The following press release was published by the U.S. Department of the Interior, National Park Service on March 12, 2012. It is reproduced in full below.

Lowell, MA -Lowell National Historical Park will be host to an interactive exhibition entitled "Dickens and Massachusetts: A Tale of Power and Transformation" opening on March 30, 2012 from 5p.m.-7p.m. The free exhibit will feature a rich collection of rare Dickens artifacts on loan from the Charles Dickens Museum in London, England, the Museum of Fine Arts, Boston, the American Antiquarian Society, the New York Public Library, the Fellman Collection at Worcester Polytechnic Institute, the Perkins School for the Blind, and other institutions.

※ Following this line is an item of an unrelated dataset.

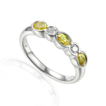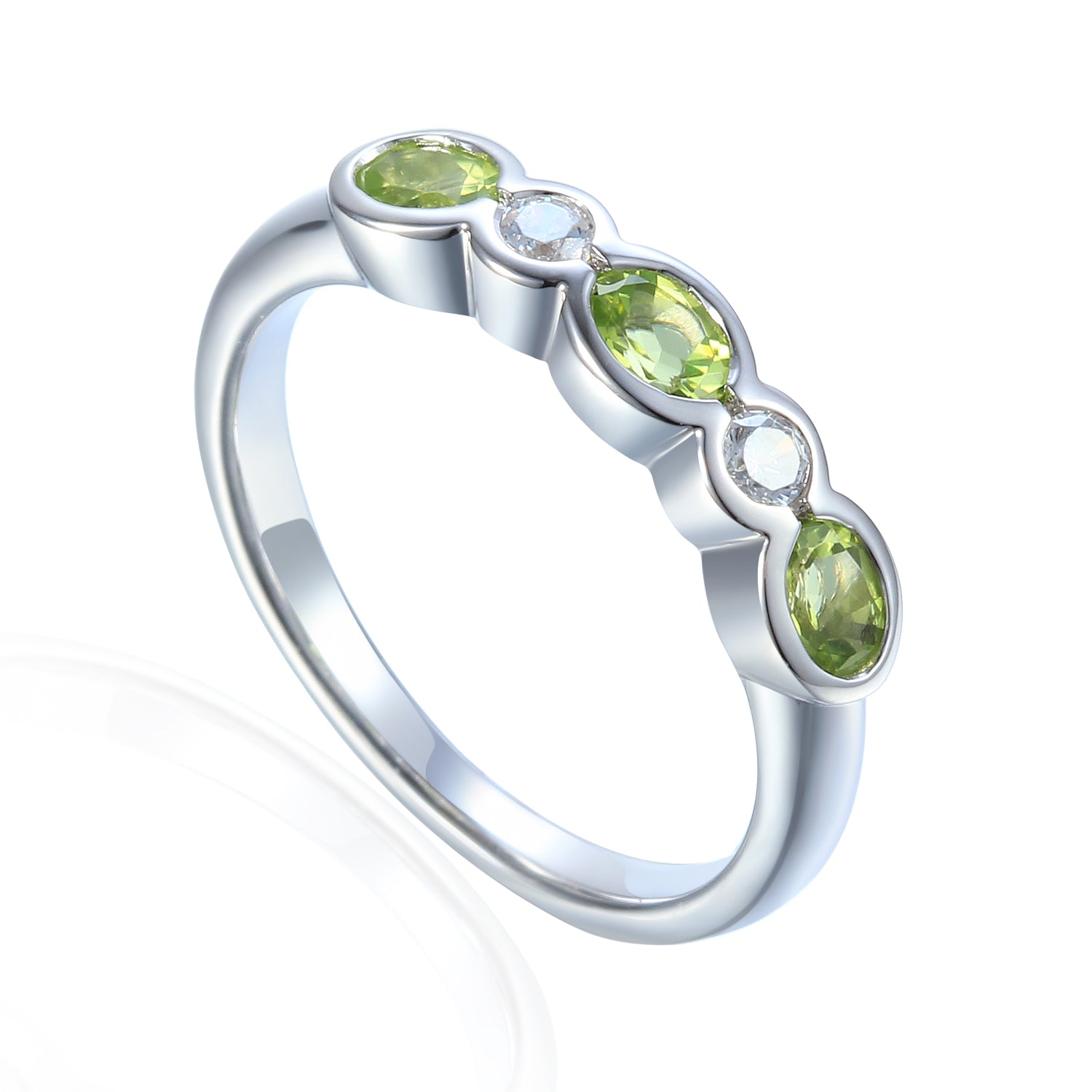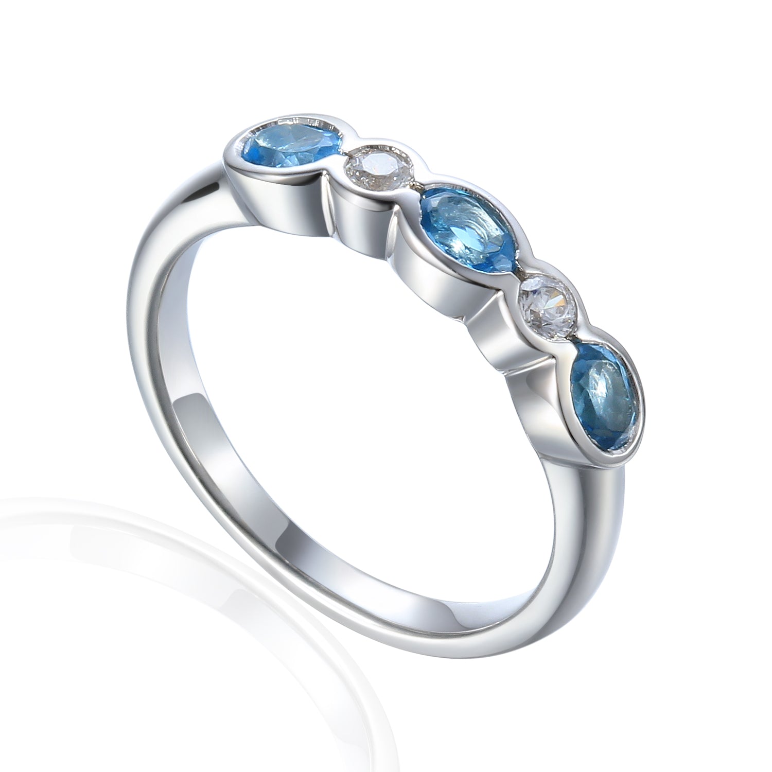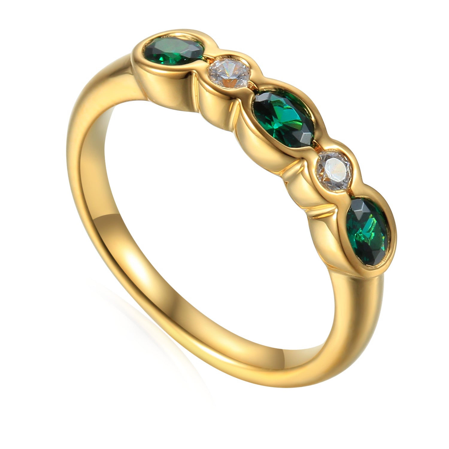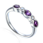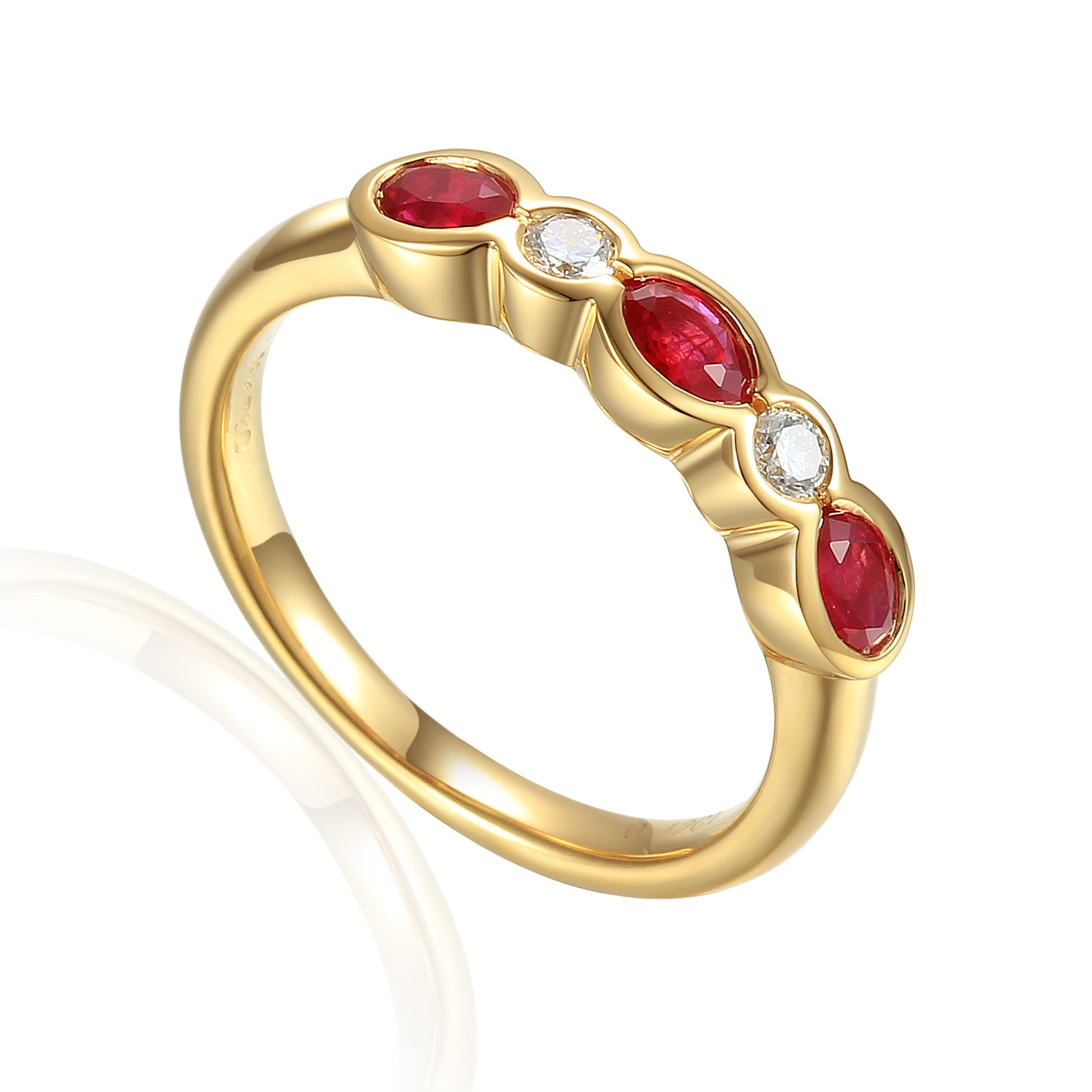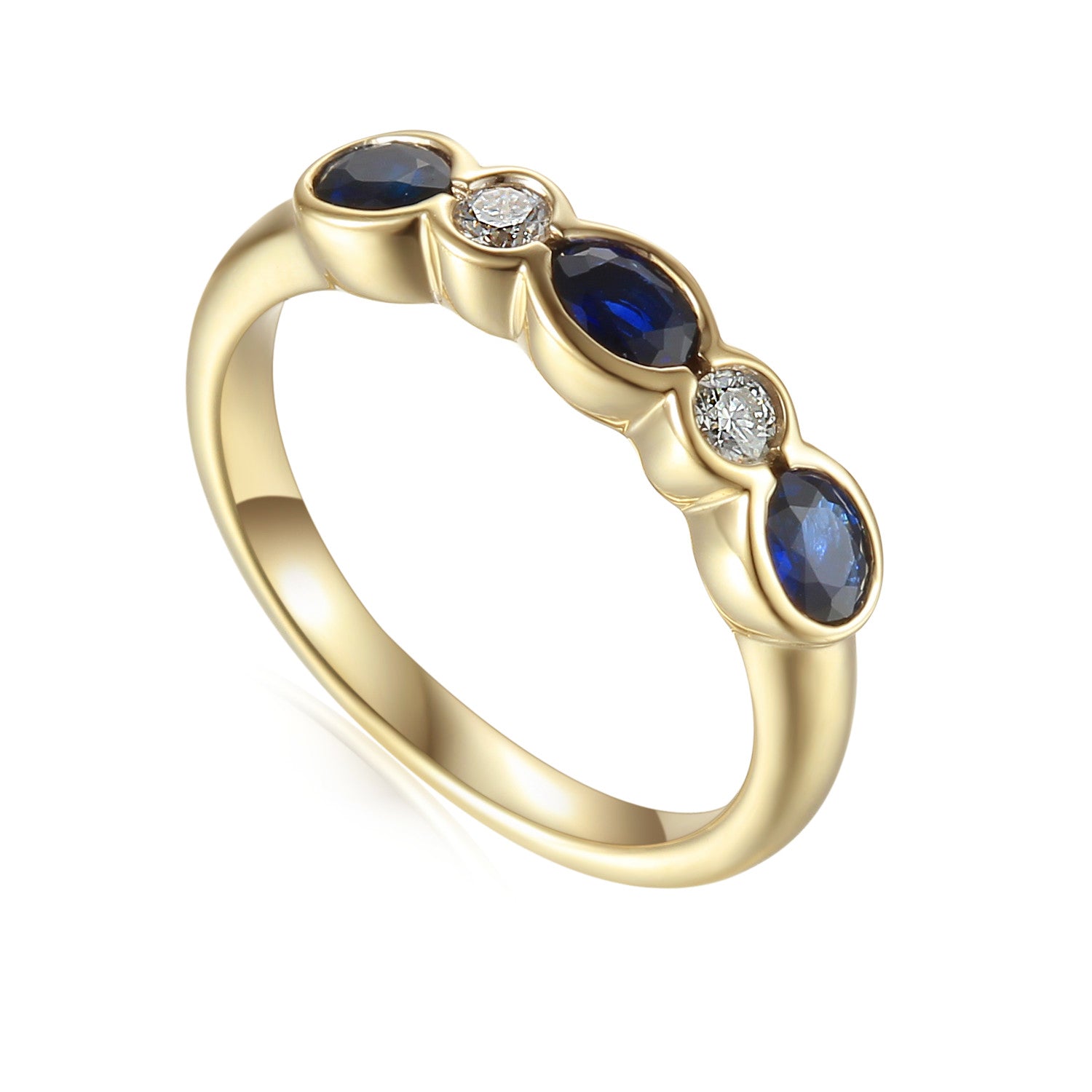 Three oval gemstones separated by two round diamonds in a rub over five stone eternity band.
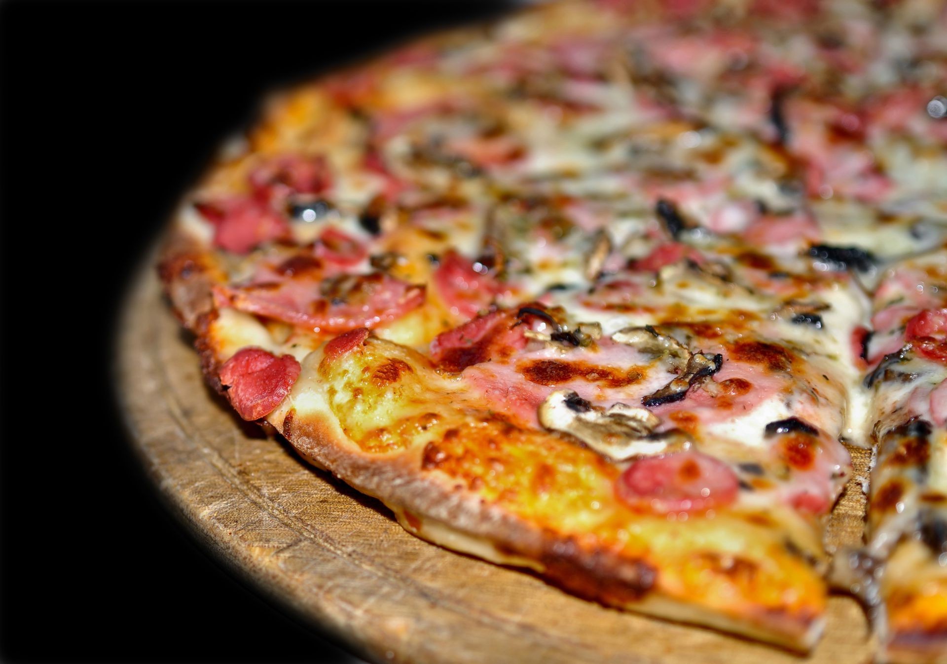 Una rebanada de pizza en primer plano sobre un fondo negro

Not yet 30 when he first traveled to America, Dickens cut a romantic figure: long-haired and clean-shaven, with a taste for flashy clothing and jewelry, he looked like a Victorian rock star-and Americans quickly caught Dickensmania. Crowds lined the streets, hoping to catch a glimpse of him and snip off a lock of his hair or piece of bearskin jacket.Massachusetts plays a small but significant part in the Dickens story. He visited the state twice, first as a rising literary star in 1842, when his tour of North America began in Boston and Lowell; and then again in 1867-68, when he returned to give a series of wildly popular public readings throughout Massachusetts, New England, and the United States.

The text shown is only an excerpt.